Я вскочил, словно ошпаренный.
– Ты не смеешь такое говорить!
– Смею, потому что думаю именно так.
Я снова сел. Она откупорила следующую бутылку пива, не предложив мне выпить. Мой гнев внезапно лопнул, как воздушный шар. Мы ели молча. Она включила телевизор, там как раз показывали репортаж про Вьетнам. Она переключила на бейсбол. Она любила бейсбол. Я видел, что она трепещет.
– Твоя сестра беременна.
На секунду я задумался.
– Чем?
Она посмотрела на меня изумленно.
– Что значит чем?
– Морским чудищем?
Она поджала губы – сделала над собой гигантское усилие.
– Эл, мне так хотелось бы гордиться тобой… Я вижу студентов университета и представляю тебя одним из них.
– Что же мне мешает? – спросил я, помедлив.
– Ты никогда не получишь стипендию, а у меня нет средств. Теперь, когда твой отец исчез, не думай, что я стану поддерживать тебя в одиночку. В любом случае, поддерживать тебя – бросать деньги на ветер. Я не отрицаю, что ты умен, Эл, но у тебя нет силы воли. Ты слаб. Ты не в состоянии развить собственную мысль. Ты хоть отдаленно представляешь себе, что будешь делать со своей жизнью?

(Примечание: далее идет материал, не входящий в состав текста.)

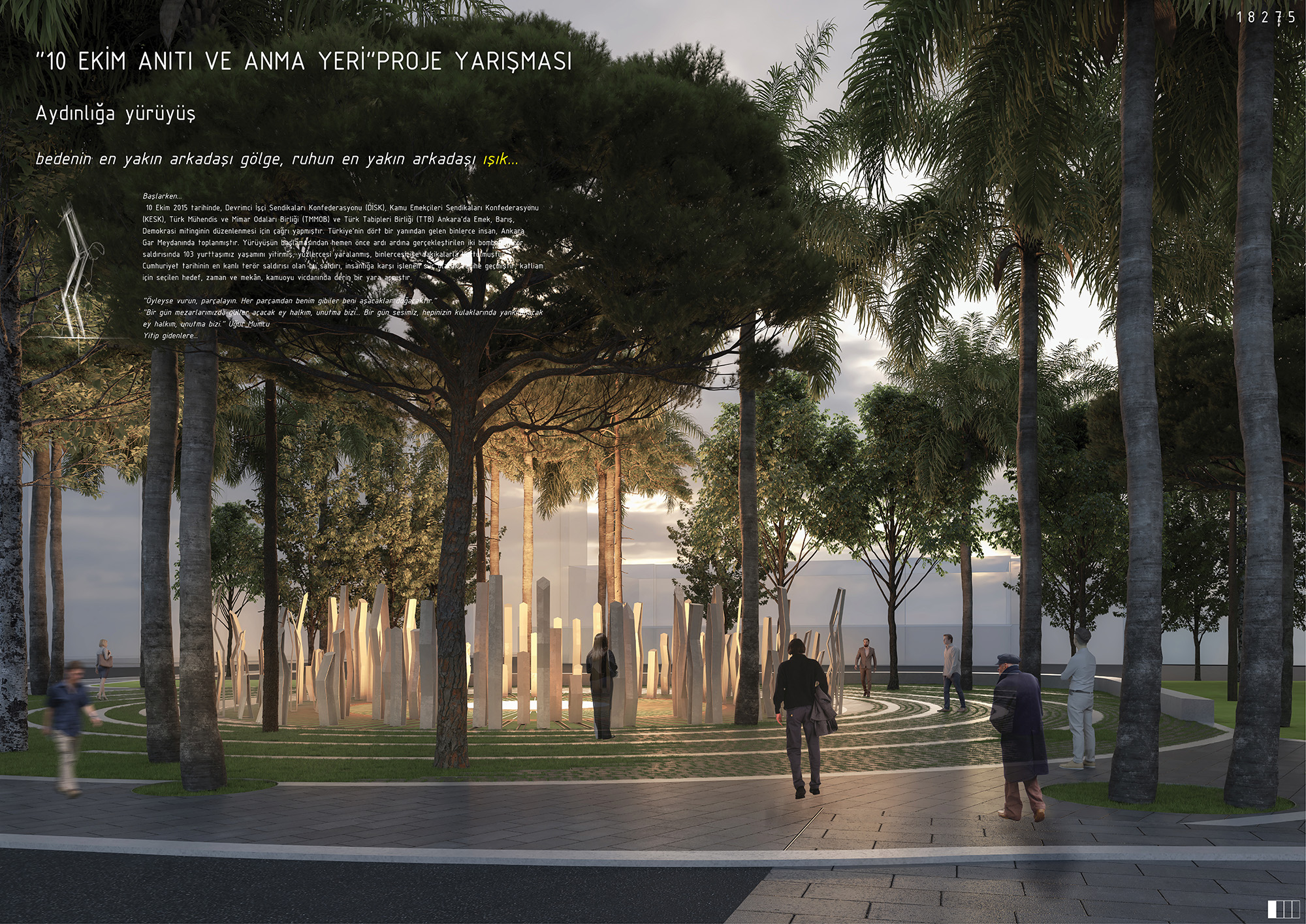 İzmir Büyükşehir Belediyesi’nin 10 Ekim Ankara Gar katliamı ve bu katliamda hayatlarını kaybedenlerin anısına açtığı “10 Ekim Anıtı ve Anma Yeri” proje yarışması sonuçlandı. Birinci seçilen proje, “aydınlığa yürüyüş” temasıyla katliamda yaşamını yitiren 103 kişiyi merkezine alıyor.

Она встала, чтобы помыть посуду. Я не шелохнулся. Она разгневалась:
– Я тебе что, слуга? Не можешь поднять задницу и помочь?
Я медленно поднялся. Взял карандаш и бумагу, чтобы записать адрес автозаправки и хозяйки дома. Мать раздраженно продиктовала мне и то, и другое. Когда она закончила, я разорвал листок.
– Что ты делаешь?
– Сама видишь. Я разорвал листок. Мне не нужна бумажка, чтобы помнить адрес. Но на самом деле мне просто не нужна твоя помощь! Я не пойду работать на автозаправку и не поселюсь в комнате, которую ты нашла. Мне от тебя ничего не нужно. Даже ночлег. Я возьму сумку и уйду. Но сначала кое-что скажу тебе. Я действительно сожалею, что убил бабушку с дедушкой.

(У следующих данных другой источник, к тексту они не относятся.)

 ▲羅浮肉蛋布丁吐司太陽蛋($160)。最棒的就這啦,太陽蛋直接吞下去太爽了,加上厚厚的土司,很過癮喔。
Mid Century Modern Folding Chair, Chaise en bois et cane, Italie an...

– Ах, ты сожалеешь? Хорошая новость!
Плевать она хотела на мои слова. Она искала зажигалку.
– Да, я сожалею, я не должен был их убивать. Я должен был разделаться с тобой!
Она искусственно усмехнулась, и я почувствовал, что ей страшно. Наверное, у меня изменилось выражение лица.
– Ладно, раз ты не хочешь мыть посуду, можешь идти; я одна управлюсь.
Она делала вид, что всё в порядке, однако отправилась еще за одной бутылкой.
– На твоем месте, Эл, я бы не стала угрожать. А то ведь я расскажу сотруднику службы пробации, и тебя тут же отправят обратно в больницу. Я этого не хочу. Лучше забери свои вещи и проваливай, как сделал твой отец. Живи своей жизнью, какой угодно жизнью, мне всё равно, только исчезни.
Она отвернулась от меня и говорила всё это, стоя ко мне спиной, пока я смотрел ей в затылок. Я отправился в комнату, сложил в сумку из джута цвета хаки кое-какие вещи и ушел, интуитивно чувствуя, что спас матери жизнь.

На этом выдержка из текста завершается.